Среди членов этой группы Наим производил самое странное впечатление: с вечной трубкой в зубах, которую он не позволял себе зажигать, с запахом вишневого варенья из Алеппо, с короной седых волос. Ни рабочий, ни подлинный интеллектуал — разорившийся фабрикант. По логике вещей, остальные не должны были доверять ему, руководствуясь своими книжками по классовой борьбе, но ничего подобного: никто не ставил под сомнение его мотивы и преданность делу — и во время собраний за ним даже признавалось право на некоторое первенство. Поговаривали, что его семья некогда владела половиной города: по глупому левантийскому обыкновению, это утверждение означало, что они были богаты. Кризис тридцатых годов разорил их, как многих: отец Наима, его мать и дядья один за другим умерли, так и не избыв горечи, ему же выпала на долю неблагодарная задача ликвидации фамильного достояния ради выплаты долгов кредиторам. Наим все продал, все потерял, кроме дома на берегу моря — старого строения времен Османской империи, обширного и некогда роскошного, на содержание которого уже не было средств, так что, когда я попал туда, процесс разрушения зашел довольно далеко. Облупившиеся и кое-где даже осыпающиеся стены, заросший кустарником сад, циновки и матрасы вместо мебели, зияющая дырами крыша — несмотря на все это, дом сохранил свое благородство, безмятежность и очарование. Именно здесь было устроено празднество в нашу честь.

За вечер мы дважды слышали звук далеких разрывов. Взволновало это только меня одного; другие — привычные к такого рода вещам — лишь вяло поспорили о том, где это могло произойти; танцы прервались лишь на несколько секунд, а затем продолжились под музыку взятого напрокат патефона.

Сколько праздников, не правда ли, в течение одного лета?

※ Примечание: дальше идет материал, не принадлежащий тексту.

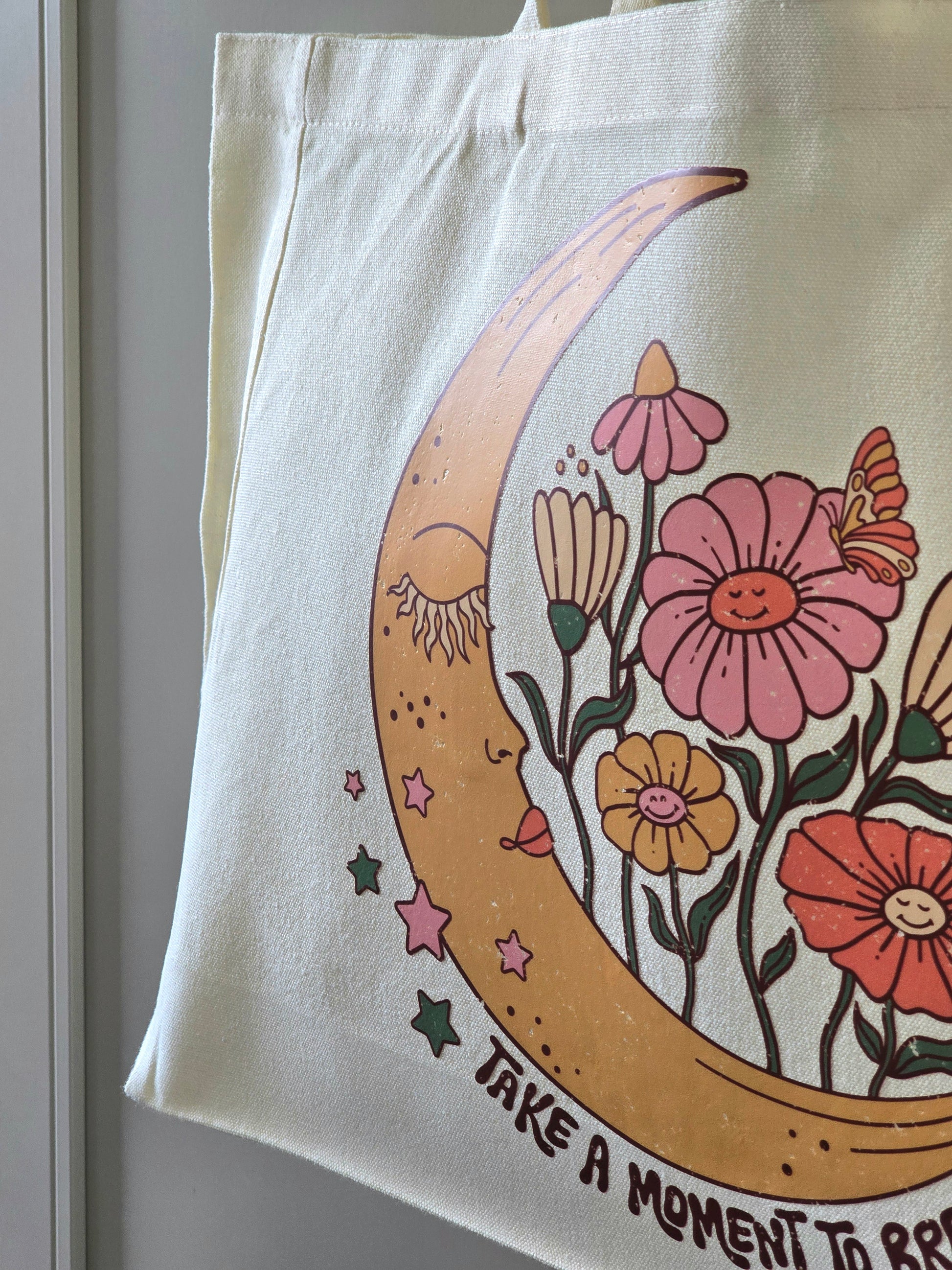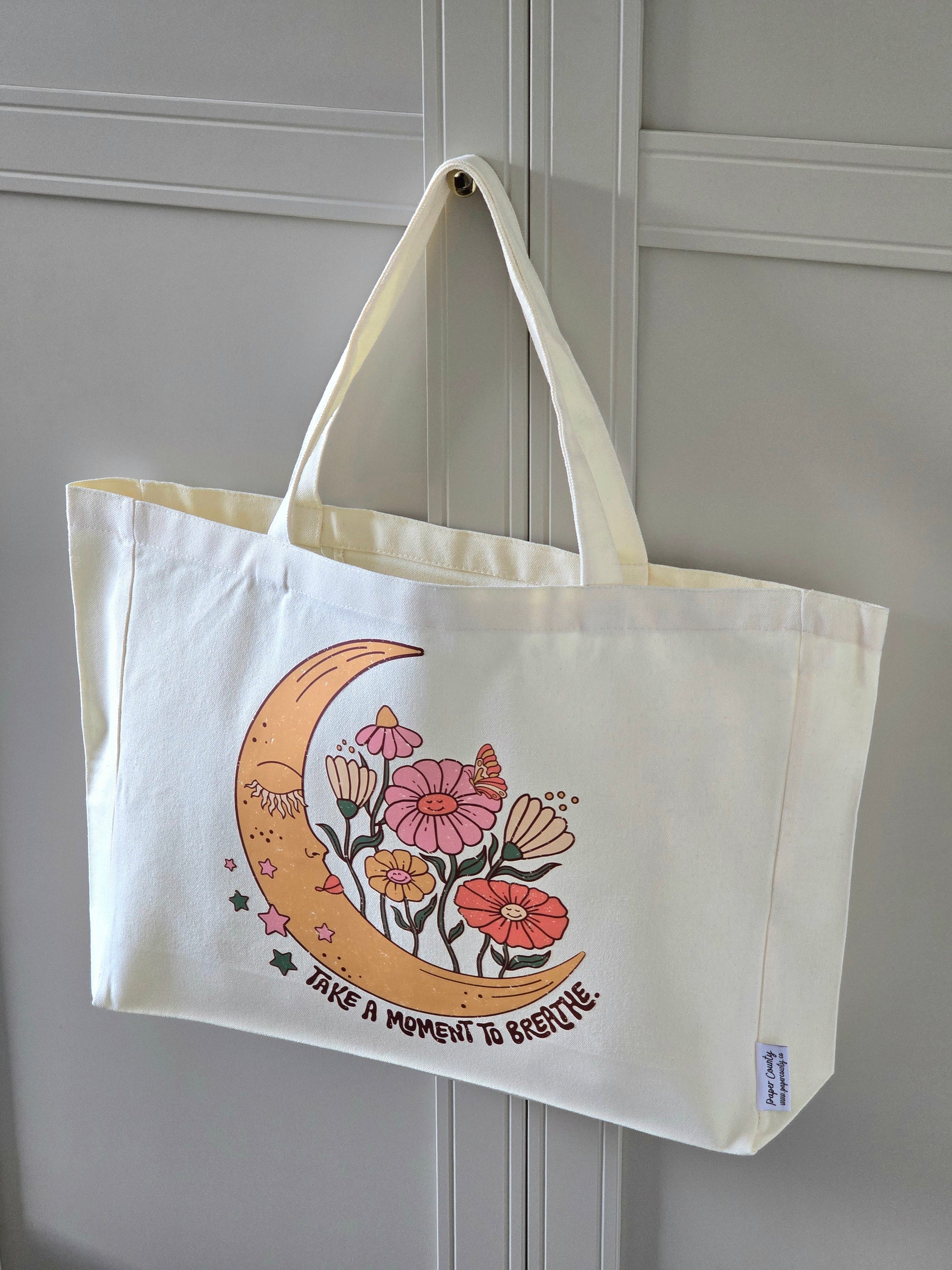 This 'Take a Moment to Breathe' tote bag is a gentle reminder to slow down and find calm in your day. The phrase encourages you to take a break, breathe deeply, and reset when life feels overwhelming.

Закружившись в этом вихре, мы с Кларой оттягивали серьезное обсуждение вопроса, который, однако, ни на секунду не упускали из виду: где нам жить? Единственное, в чем мы были уверены, — жить мы будем вместе. Это сомнению не подлежало, но где именно?

Если бы мне пришлось принимать решение сегодня, я бы знал, как поступить. Уже в конце лета мы уехали бы в Монпелье, где я продолжил бы свои занятия медициной, а она — историей. Сегодня я уверен, что иного выбора у нас не было. Если бы в голове молодого человека, каким я был тогда, мог прозвучать голос старого мудреца, каким я стал теперь, этот голос сказал бы: «Спасайся! Крепко возьми за руку свою жену и беги, бегите, спасайтесь!» Но молодой человек и молодая женщина вроде нас имели других советчиков — свои тогдашние иллюзии. На Левант уже готов был обрушиться смерч, а мы хотели остановить его голыми руками! Да, именно так. Весь мир смирился с тем, что арабы и евреи убивают друг друга в течение десятилетий, быть может, даже веков, все воспринимали это как нечто неизбежное — англичане и русские, американцы и турки… Все, за исключением нас двоих и горстки таких же, как мы, мечтателей. Мы хотели остановить этот конфликт, хотели, чтобы наша любовь стала символом другого пути.

Это было смело, говорите вы? Нет, это было безумно! Можно вдохновляться надеждой на всеобщее счастье и примирение — это похвально, это прекрасно, это внушает уважение… Но если залогом стало наше существование, если мы поставили на кон нашу любовь, наш союз, наше будущее, не задумавшись ни на одно мгновение, что можем потерять ставку? Сегодня я говорю «абсурдно», «нелепо», «безумно», «глупо», «самоубийственно»! В то время я говорил другое. Мне даже не приходила в голову мысль, что мы можем уехать во Францию на три-четыре года. Это было в сорок шестом — мы могли бы переждать ураган… Ради Бога, остановите меня, я могу долго стонать и плакаться на эту тему, я столько раз пережевывал эту возможность!

В общем, мы решили остаться в Леванте. Между Хайфой и Бейрутом. Пока граница была открыта, дорога по побережью не отнимала много времени. У нас было два порта приписки — «врата», как их некогда называли — и целая гроздь домов, хотя ни один из них нам не принадлежал. В Хайфе мы ночевали либо в квартире дяди Стефана, либо у Наима. А в Бейруте и речи не было о том, чтобы искать убежище за пределами нашего семейного очага. Столь обширного — и где отец жил один. Естественно, там мы и обосновались. Клара была здесь у себя, она царила как хозяйка дома. Я любил ее до безумия, а отец в ней души не чаял.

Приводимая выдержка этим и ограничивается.